■ Task to complete ■
In the records below, find the line with "Кожаный чехол для" and repeat exactly every line from it through the line with "Today I’m preparing". Pictures stay out.

• • • • • • •

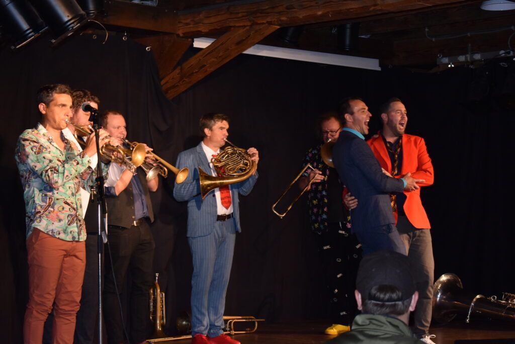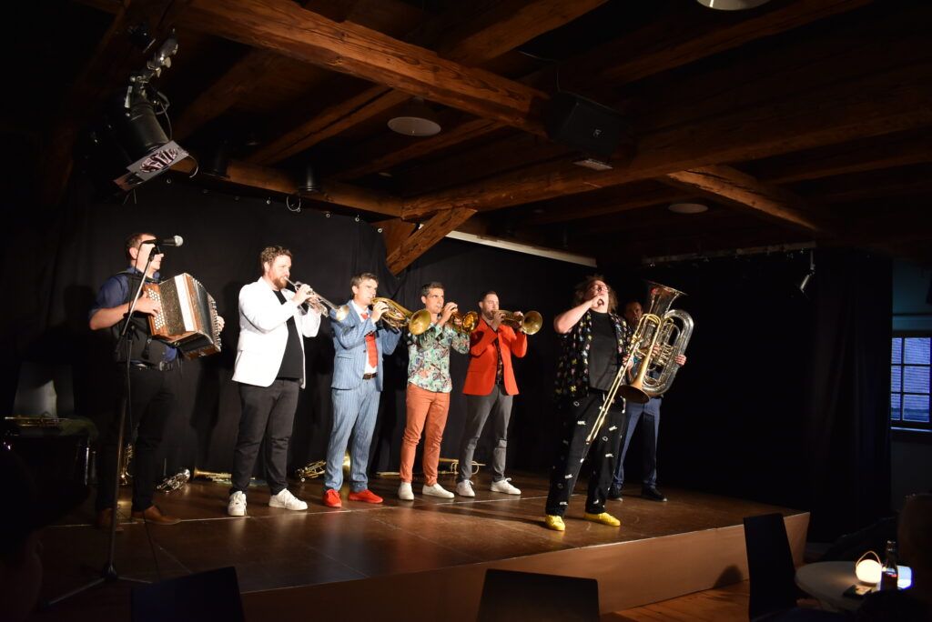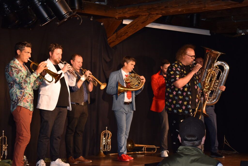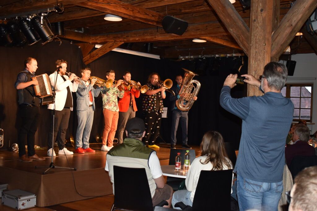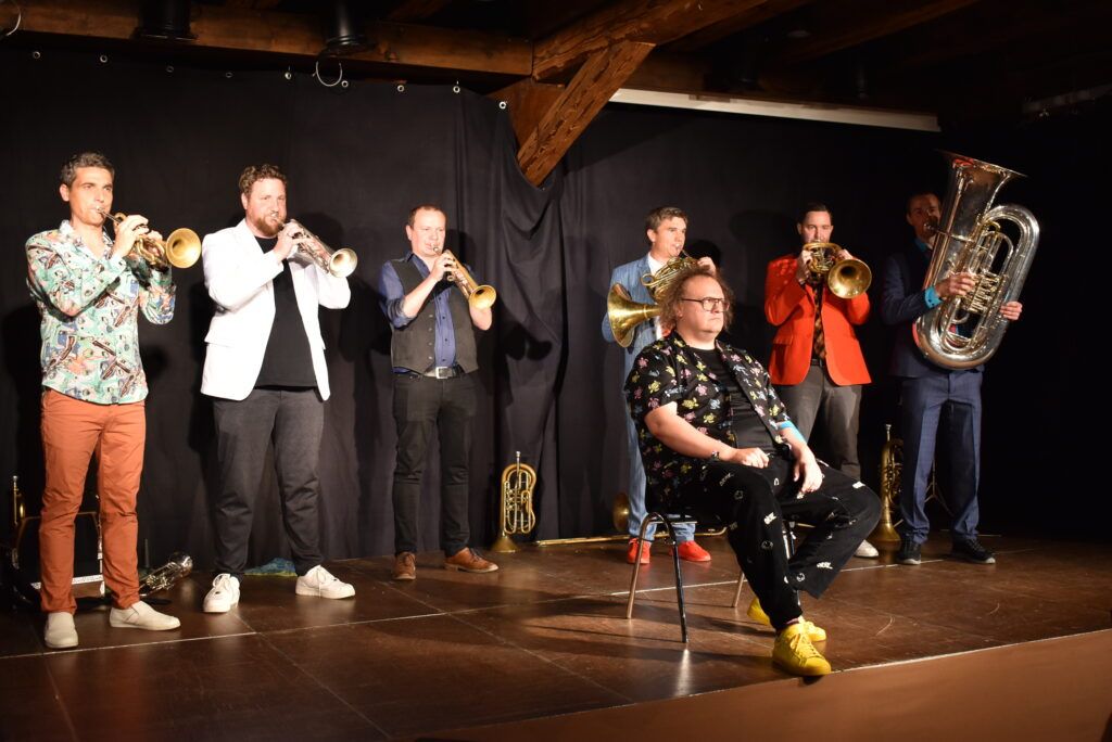 Leutkirch – Sie sind seit 14 Jahren als Band unterwegs, immer in der gleich guten Besetzung. „Verstehen Sie Brass?“, abgekürzt VSB, ist ihr Name. Allerdings ist es bei Weitem nicht nur feinste Brass-Musik, die, ausgehend von den Bergwerksarbeitern in England, lange gebraucht hat, bis sie ins Allgäu kam, das leicht schräge Ensemble VSB darbietet. Unsere Reporterin Carmen Notz hat vor kurzem ein VSB-Gastspiel im „Bock“-Saal in Leutkirch besucht. Die 80 Besucher waren hellauf begeistert.
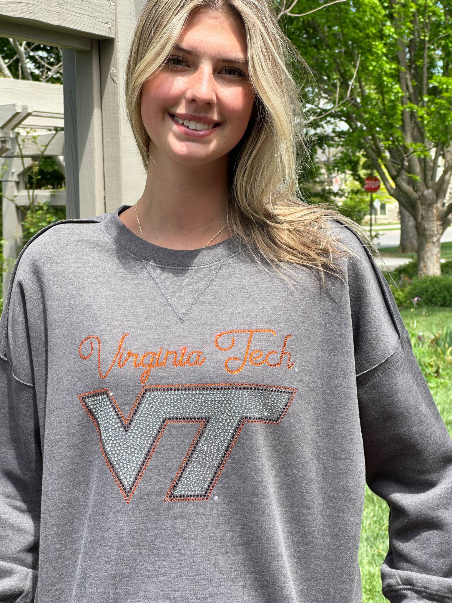 This isn't your average college sweatshirt—it's a sparkling statement piece made to turn heads! Stand out on campus, at the stadium, or around town. Our hand-placed rhinestones catch the light beautifully, giving you an elevated game day look with true Hokie spirit.
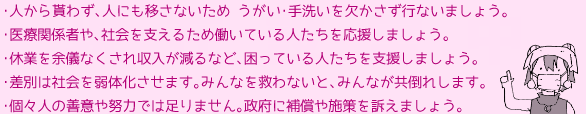 ご意見募集(首相官邸に対するご意見・ご感想)←「公金投入を惜しまず医療従事者にマスクや防護服の供給と危険手当を!」みたいなことを書くと良いと思います。
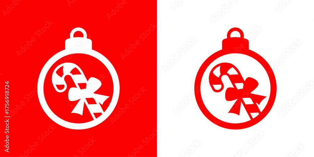 Plakat - Logo candy cane de navidad. Silueta de bola de navidad con bastón de caramelo con lazo de regalo para tarjetas y felicitaciones.
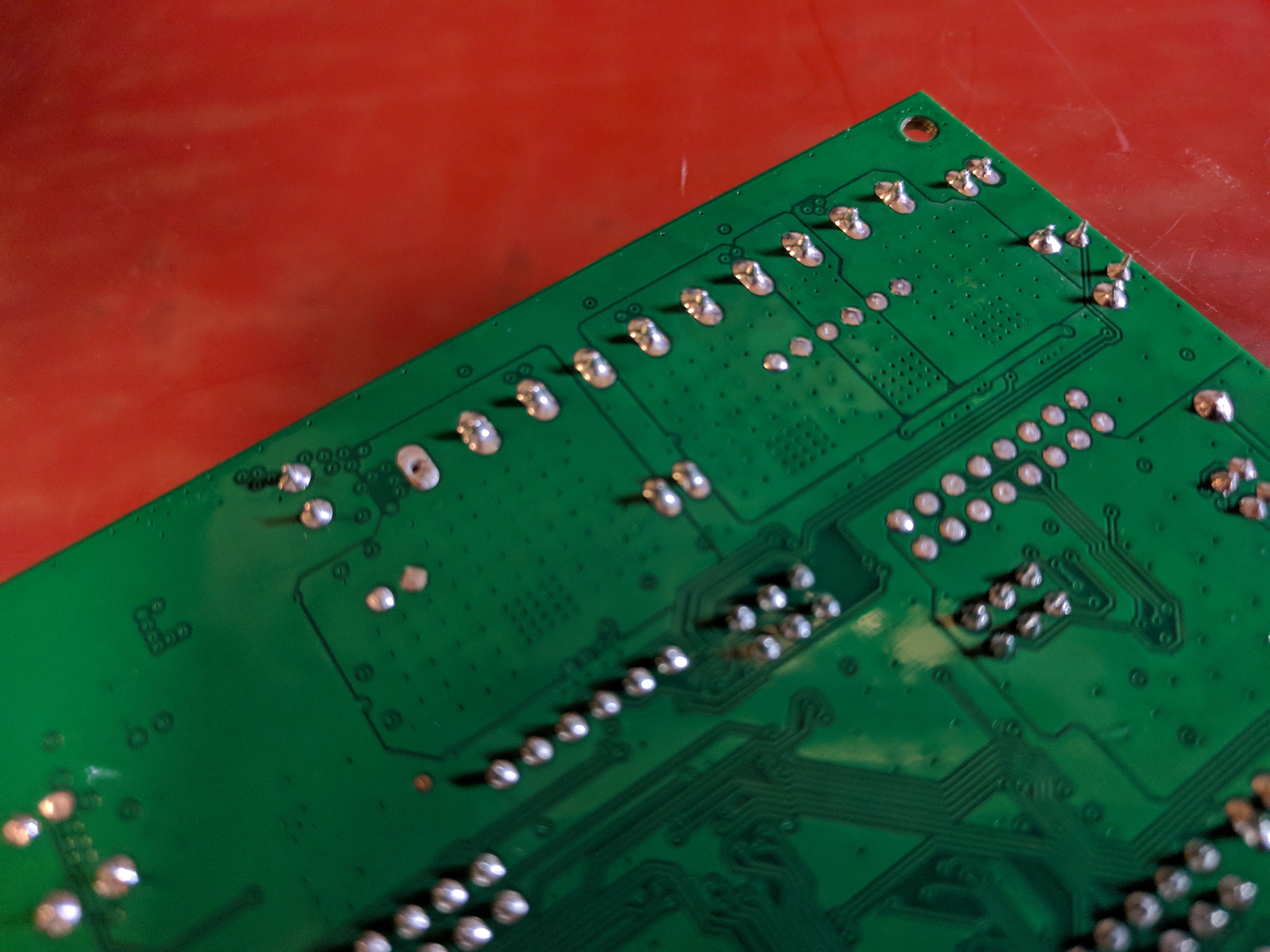From the back you can see the solder has been melted on the leftmost solder pad in the line of through-hole connectors for the black connector. Crazy that those pins get that hot. Perhard the connection was just not quite good enough and heating up with all of that current passing through?
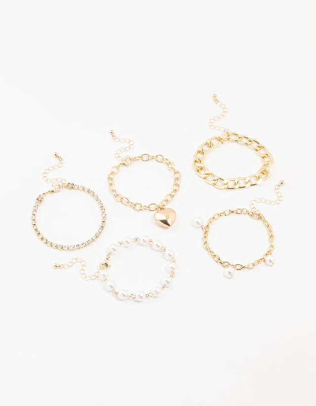 Gold Pearl & Puffy Heart Bracelets 5-Pack
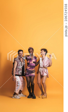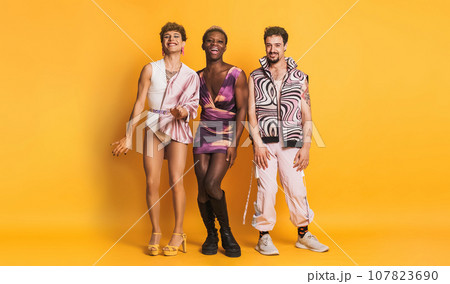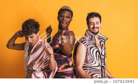 Happy multiethnic transgender people dancing and having fun
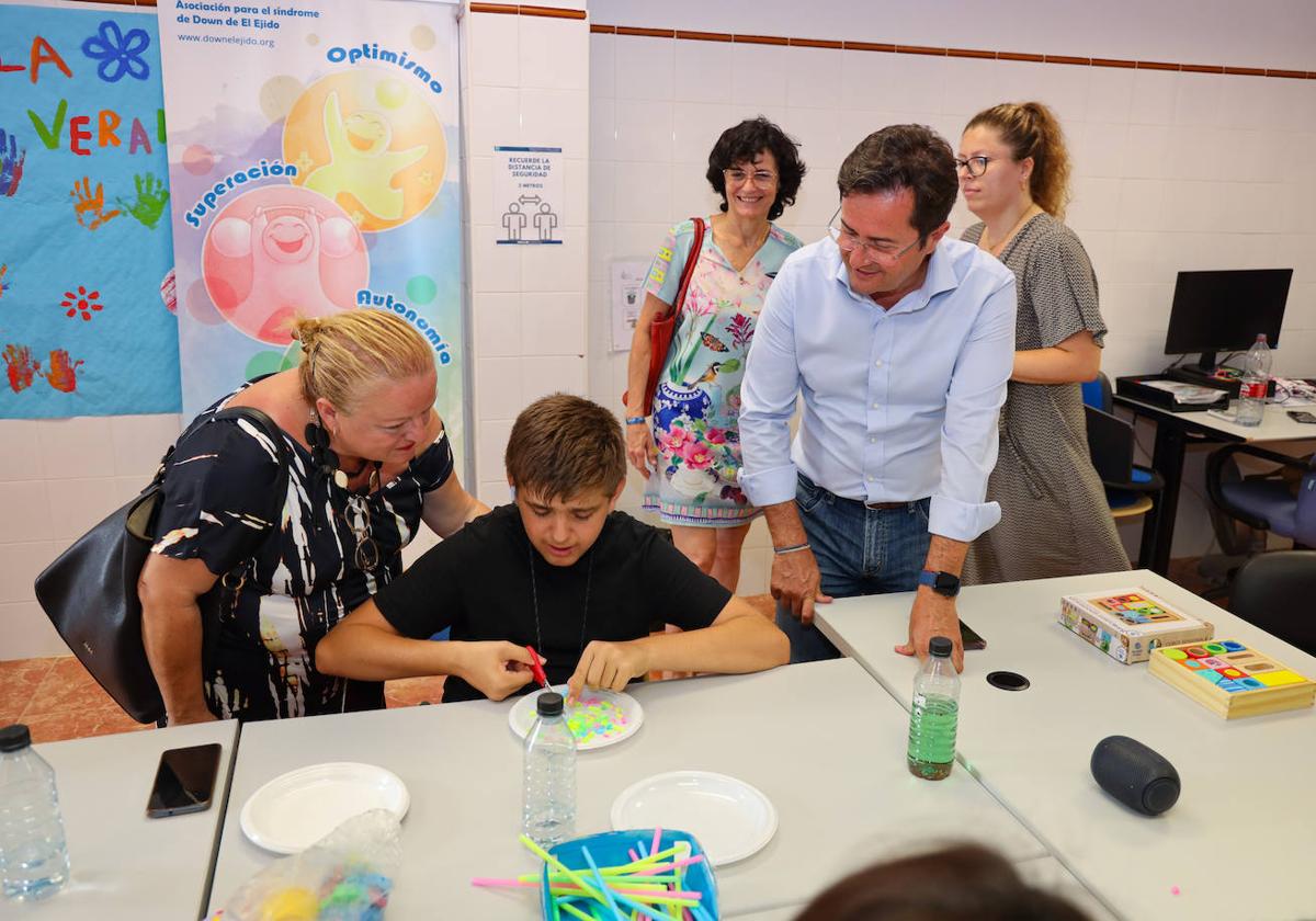 «El trabajo que realiza la asociación Down El Ejido es encomiable, vital para mejorar la calidad de vida de todos sus usuarios y su capacidad de integración e inserción laboral», destacó Francisco Góngora durante la visita a la escuela de verano, al tiempo que valoró el trabajo individualizado que realizan con cada usuario, una «metodología de trabajo centrada en la persona y que respeta en todo momento las características, motivaciones e intereses de todos los menores».
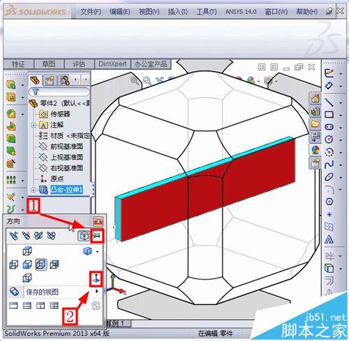 2、选择红色面,弹出对话框,点击“正视”按钮,如图所示
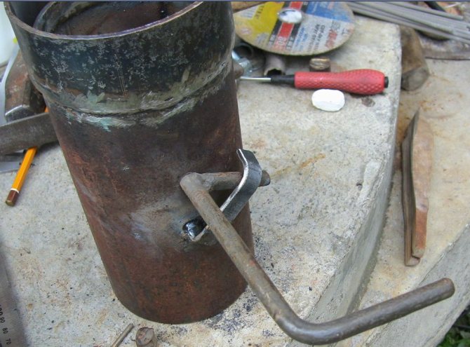 - Sur la partie supérieure, nous soudons une pièce à connecter à la cheminée. Nous y faisons un petit trou à partir du bord et insérons une tige d'un diamètre de 8 à 10 mm. Nous allons fabriquer une vanne à guillotine à partir d'une feuille d'une épaisseur de 6-8 mm en y découpant une petite rainure. La porte est soudée à une barre qui est pliée à angle droit.
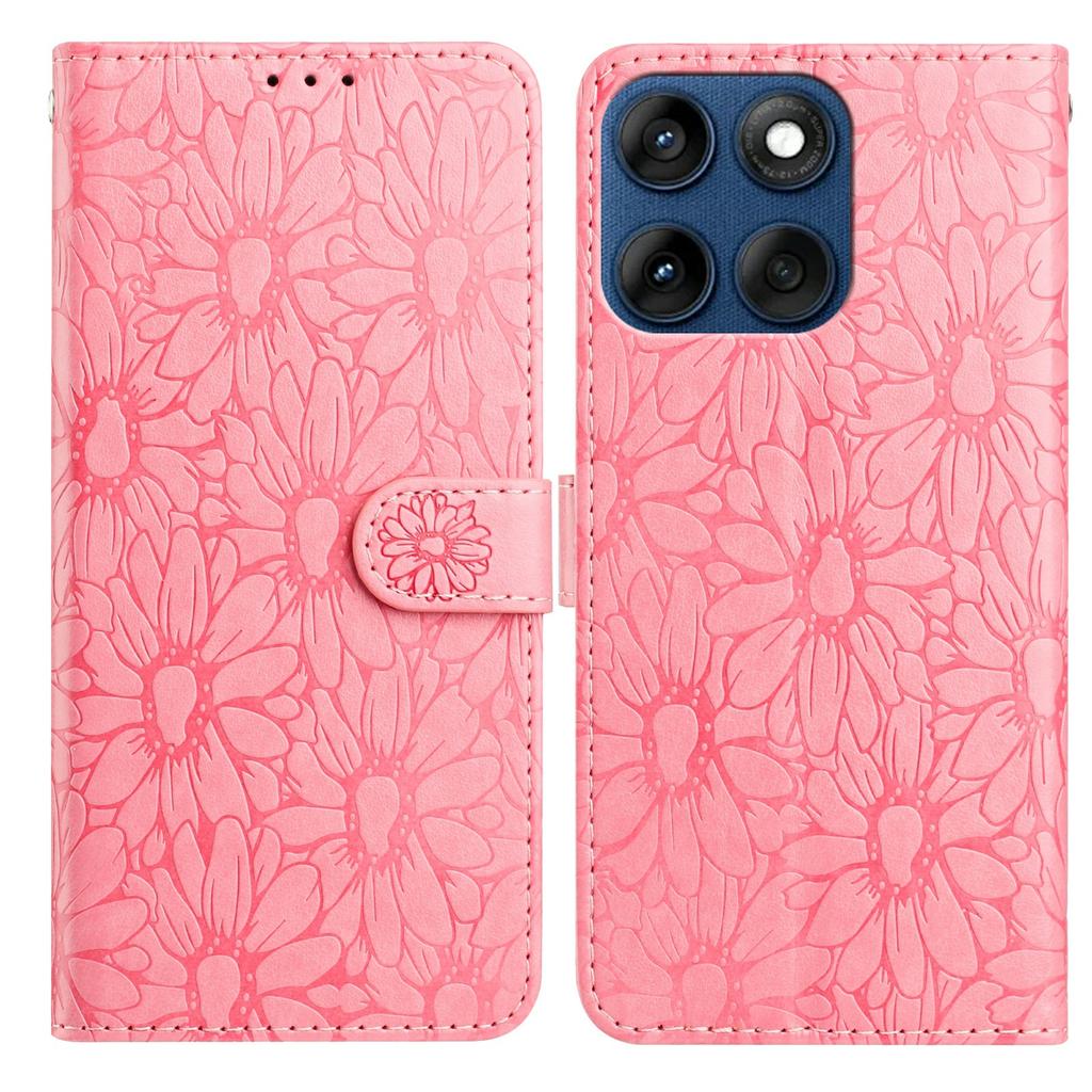 Кожаный чехол для Motorola Edge 60 5G/60 Fusion 5G/60s 5G с тиснением "Ромашка", кошелек-подставка, защитная крышка для телефона
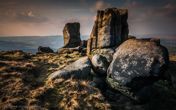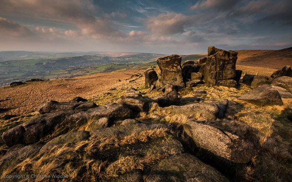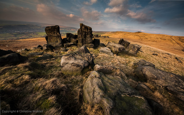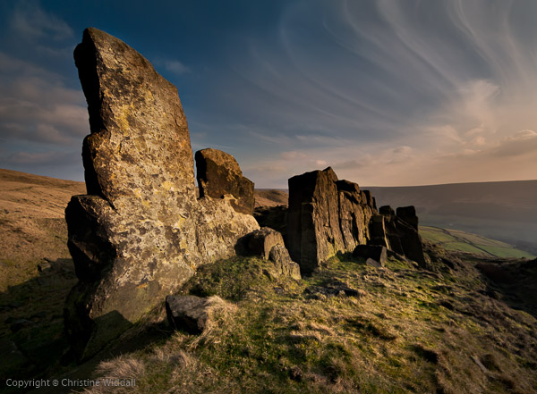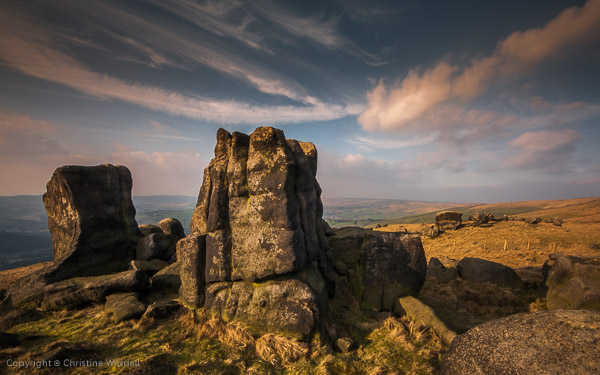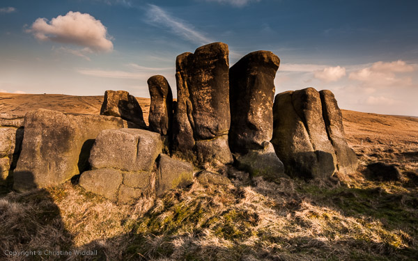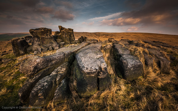 Today I’m preparing a new talk for Harrogate PS and it will include some local pictures of Saddleworth. I love being up high just before the sun sets and I found, in my back catalogue, some pictures of the Kinder Stones on top of our local hill, some of which I hadn’t really looked at before. The hill of Pots’n’Pans is easily accessed on foot from our back gate and takes my husband about half an hour to reach the top. I take longer! and I linger for long periods to take pictures as I go. There is a small abandoned quarry near the top and the remains of stones standing at the edge of it make interesting shapes with the setting sun casting a warm glow. The Kinder Stones themselves are an untidy group of boulders on the top of the hill not far from the war memorial.
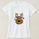 A reindeer with ball ornaments hanging from his antlers on holiday T-shirts, mugs, cards, stickers, holiday tote bags, sweatshirts, and other holiday clothing and gifts.

• • • • • • •

■ Answer section ■
 Кожаный чехол для Motorola Edge 60 5G/60 Fusion 5G/60s 5G с тиснением "Ромашка", кошелек-подставка, защитная крышка для телефона
 Today I’m preparing a new talk for Harrogate PS and it will include some local pictures of Saddleworth. I love being up high just before the sun sets and I found, in my back catalogue, some pictures of the Kinder Stones on top of our local hill, some of which I hadn’t really looked at before. The hill of Pots’n’Pans is easily accessed on foot from our back gate and takes my husband about half an hour to reach the top. I take longer! and I linger for long periods to take pictures as I go. There is a small abandoned quarry near the top and the remains of stones standing at the edge of it make interesting shapes with the setting sun casting a warm glow. The Kinder Stones themselves are an untidy group of boulders on the top of the hill not far from the war memorial.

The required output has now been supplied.